RESEARCH into feeding developmental molasses-based supplements to pregnant cows in the north has come up with a surprising lack of reproductive response which scientists say is not easily explained.
A producer-initiated research study, run on the Lynch family's Stapleton Station at Katherine in the Northern Territory, showed improvements in body score condition in lactating cows did not correspond with either an increase in percentage of cows pregnant while lactating or a reduction in calf loss. This was the case even though approximately 1.2 kilograms a head per day of the product was consumed.
The average live weight of progeny at weaning produced from the cows fed molasses supplements was also similar to those produced from the control cow group.
Some level of nutritional support is provided to all cattle in northern Australia to achieve good levels of production.
Livestock scientist with the Northern Territory Department of Primary Industry and Resources Kieren McCosker said while mineral loose mixes or blocks were typically fed to address nitrogen and phosphorus limitations during the dry and wet seasons in many areas of northern Australia, molasses-based supplements had been widely used for many years in areas close to sugar mills, such as Queensland, and had the added benefit of also supplying an energy supplement.
However, in recent years some producers have been experimenting with incurring additional costs and feeding these supplements in other areas, with the view that if improvements in reproductive performance or live weight gain, reducing the age at turnoff, were observed, overall productivity would be improved, potentially making it cost-effective.
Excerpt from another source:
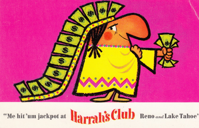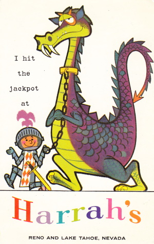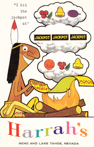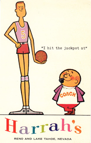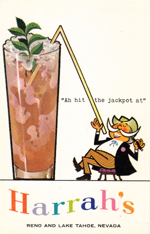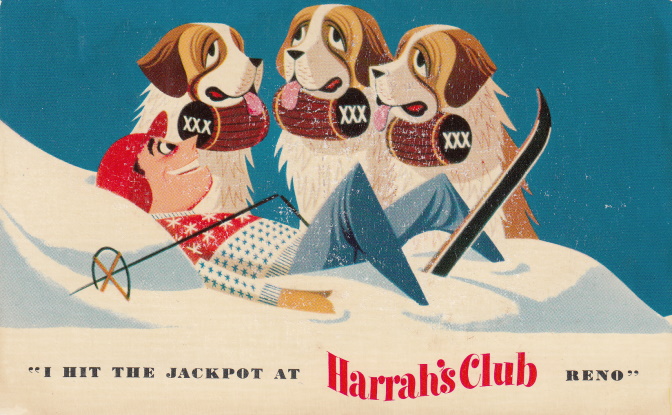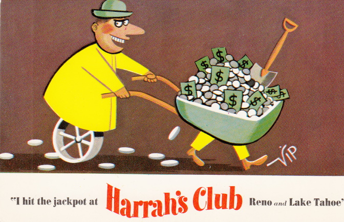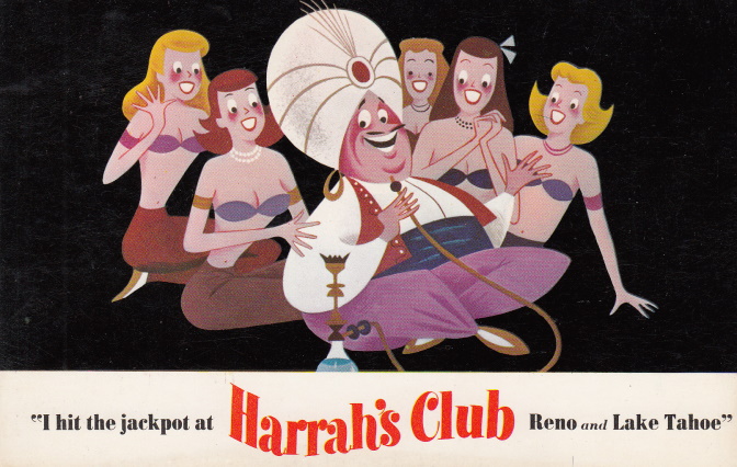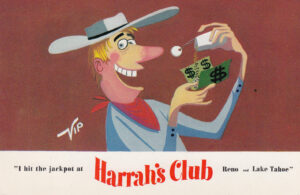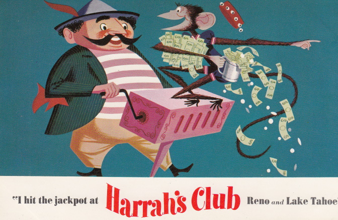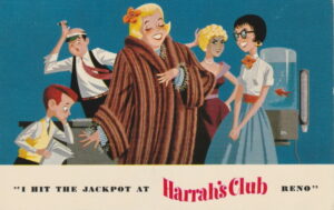 Sometime in 1958, the gambler switched to Reno’s Thomas C. Wilson Advertising Co. One of the agency’s ad campaigns for Harrah’s was the “I won a jackpot” postcards. Here are some of the first ones circulated. (Warning: Much of the content is politically incorrect and offensive today.)

The molasses product formulation used in this study included additives aiming to alter the dietary cation-anion difference (DCAD) to aid mobilisation of calcium, phosphorus and other nutrients.
It included urea during the dry season and then phosphorus during the wet season.
"It requires further investigation, and is under commercial control, but it is speculated the DCAD may have exceeded the desired range and had a deleterious effect," Dr McCosker said.
In the study, conducted with co-investment from Meat & Livestock Australia, 500 pregnant Bos indicus cows were randomly allocated to two groups.
One group received a loose-lick mineral supplement, the other a molasses-based supplement.
They grazed adjacent, native pasture paddocks and were managed the same way apart from their supplementation.
Stocking rates were 3.8 livestock units per square kilometre of watered area.
The loose-lick group had adlib access and intakes averaged 200 grams per head during the dry season and 60g in the wet season.
The molasses group intake averaged 1.26kg/head across both seasons.
At the weaning muster, body condition score, lactation and pregnancy status were assessed.
The average weaner production across both groups was 145.3kg per cow.
The body score condition of the molasses group of lactating cows was 3.33, against the loose lick 3.38.
The average live weight of weaners was also similar at 167.9 for the molasses group versus 166.2kg for the control group.
Dr McCosker said the average live weight of non-lactating molasses group cows tended to be heavier, although it was not statistically significant.
The slight increase in body reserves indicated only a small improvement in energy supply, he said.
"While the results are somewhat disappointing, this research is a good demonstration of producers engaging in research and during the development stages of commercial products," Dr McCosker said.
"The department will continue to support the producer and the commercial supplier as previous studies have demonstrated that improvement in energy supply can have substantial gains in reproductive response."